Une société vivante et libre se caractérise par un certain nombre d’intérêts et de valeurs collectifs et divergents. À moins de faire éclater cette société en autant de groupes que de valeurs et d’intérêts, comment gérer la diversité, comment continuer à rester en société ?

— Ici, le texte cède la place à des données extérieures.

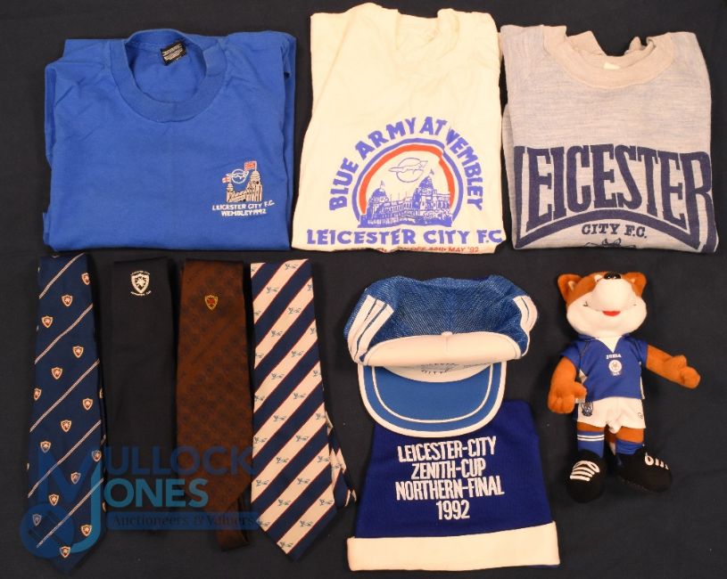 Leicester City Football Club Collectables - Two 1992 Wembley T-Shirt, an old Jumper, four Ties, two hats and a teddy bear

Cette lame de fond venue des États-Unis qui s’est répandue sur l’Europe et a atteint Israël ne viserait-elle pas en fait à pulvériser les sociétés ainsi réduites à une somme d’individus n’ayant plus rien en commun ? Ce qui soudait les sociétés, leurs histoires, cultures, mythes fondateurs, religions (religare en latin, relier) tout « ce fatras d’archaïsmes » faudrait-il désormais s’en débarrasser ?

La « cancel culture » (c’est-à-dire l’effacement des traces de ce qui a donné naissance à des peuples divers, puis a renforcé leur cohésion et les a empêchés de disparaître) n’aurait-elle pas pour fonction de s’en prendre à ce qui faisait le ciment des sociétés afin de les atomiser et de les réduire à des agglomérats d’individus, lesquels devenus impuissants à résister n’auraient plus qu’à devenir les pions de ceux qui ont le savoir et l’argent ?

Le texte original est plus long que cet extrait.